Storing stuff online with a strong but memorable password makes a fine backup. But, for most people at least those with houses, protected (e.g. firebox) storage in their homes is probably the best primary. (And even if a bunch of stuff were on a USB I'd also have printouts.)
Also the online setup may be confusing to the parents, depending on their experience level. And something may break in the online setup, some update becomes necessary, some library breaks, the server is down etc. etc. Too many things can go wrong. That's fine for a low stakes hobby thing, but not really for the "I became incapacitated" alert system. Having friends check up on you, giving copies of apartment keys to trusted friends and parents, providing some form of access to your bank account to your parents if you trust them, keeping an up to date physical list of banks and other places where you store money and so on is more important.

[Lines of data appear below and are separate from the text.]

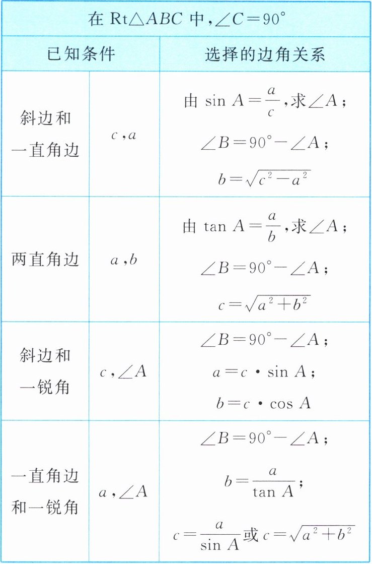 | 斜边和一直角边 $ c $,$ a $ | 由 $ \sin A = \frac{a}{c} $,求 $ \angle A $;$ \angle B = 90^{\circ} - \angle A $;$ b = \sqrt{c^{2} - a^{2}} $ |
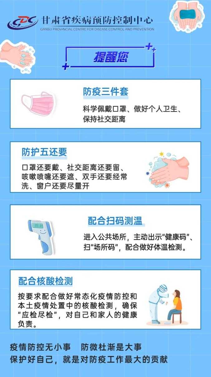 兰州市城关区新型冠状病毒肺炎疫情联防联控领导小组办公室发布公告,9月13日,兰州市城关区在疫情防控工作过程中,经风险研判,现提醒广大群众落实好以下防控措施:
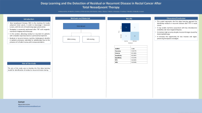 Total neoadjuvant therapy (TNT) is a mainstay for locally advanced rectal cancer, in order to downstage / downsize tumors, with the aim of maximizing organ preservation. Restaging is commonly performed after TNT with magnetic resonance imaging and endoscopy. In this context, detecting residual or recurrent (in patients with complete response) lesions is particularly important. Residual or recurrent lesions could be challenging to identify in patients previously submitted to radiotherapy due to the presence of a friable mucosa with neovascularization. In this context, our group tried to develop the first deep learning model for identification of residual or recurrent lesions during proctosigmoidoscopy in patients with rectal cancer submitted to TNT.
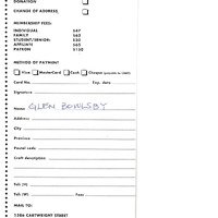 "Membership application form": Glen Bowlsby. Note at top reads "Paid to CH June 7"

It's already difficult to keep all this info up to date. Keeping a technical solution maintained is just extra distraction from the main points. The key difficulty is anticipating all the issues that will pop up when you actually die, practical stuff like interactions with banks etc. What will your parents need to know? What untied loose ends do you leave behind? It's uncomfortable to think about these things so most people put it off.

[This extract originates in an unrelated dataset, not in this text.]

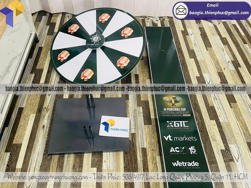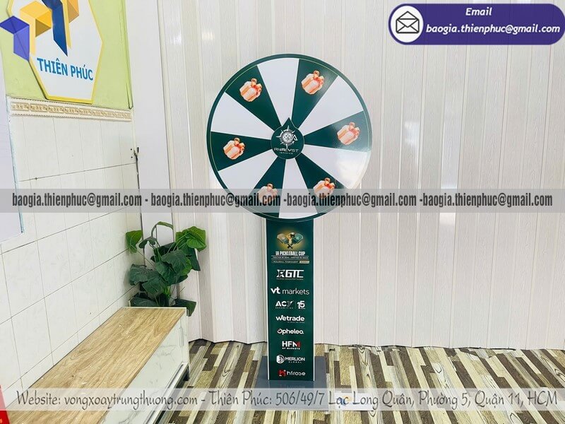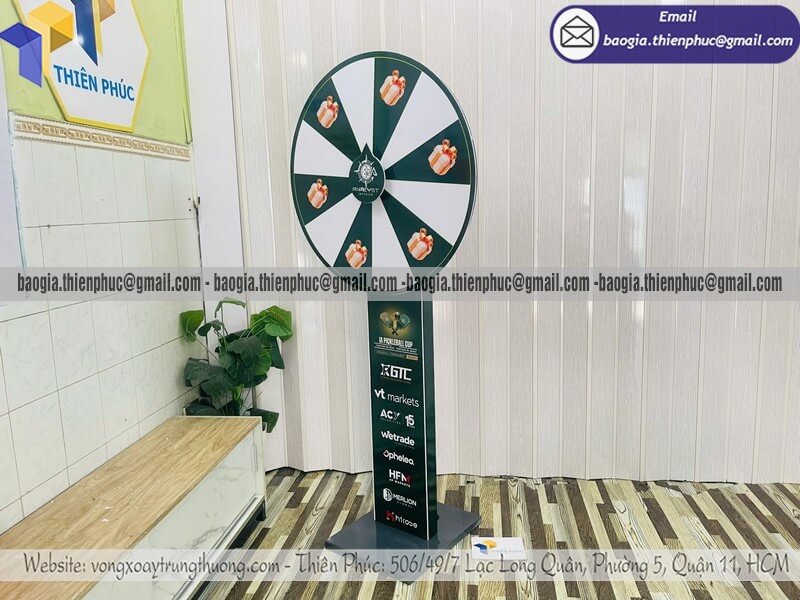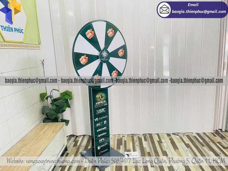 Đặt vòng xoay cỡ lớn random trúng quà tặng marketing - Xưởng sản xuất & Công Ty Thiên Phúc chuyên nhận đặt làm kích thước theo yêu cầu, sản xuất, gia công, cung cấp nhiều mẫu vòng xoay quảng cáo từ nhỏ đến cỡ lớn trúng thưởng chính hãng. Giá rẻ cạnh tranh nhất thị trường dao động chỉ từ 1.300.000đ/cái - 2.600.000đ/cái đối với mẫu vòng xoay đứng thân trụ/bảng trụ kèm thiết kế logo các ô quà tặng, voucher miễn phí theo yêu cầu khách hàng. Hỗ trợ xuất hóa đơn VAT nhanh chóng. Giao hàng nhanh trên toàn quốc từ 2-3 ngày.

I have my doubts that any human-memorizable password can be strong enough to withstand a concerted offline attack. If what you're encrypting has to stay secret for 10, 20, 30 years (probably not the case for a password database), then it's a complete non-starter.
It's fairly easy to memorize a password with >64 bits of true entropy using techniques like diceware; if you use it regularly and/or have a good memory, 128 bits is completely feasible.
I have memorized a long sentence with randomly chose words out of large pools like geographic names, animal species and names of barely famous people, a random verb etc. Like "Bill Guthridge supplements in Bhadarwa with an Actias Luna" and a bunch of other words. Then translate this to a foreign language. Add more words if you feel more safe. After such random picks, you just get familiar with each actor in the sentence (read wiki pages then delete history) and refresh the whole sentence every 2-4 weeks using a reminder.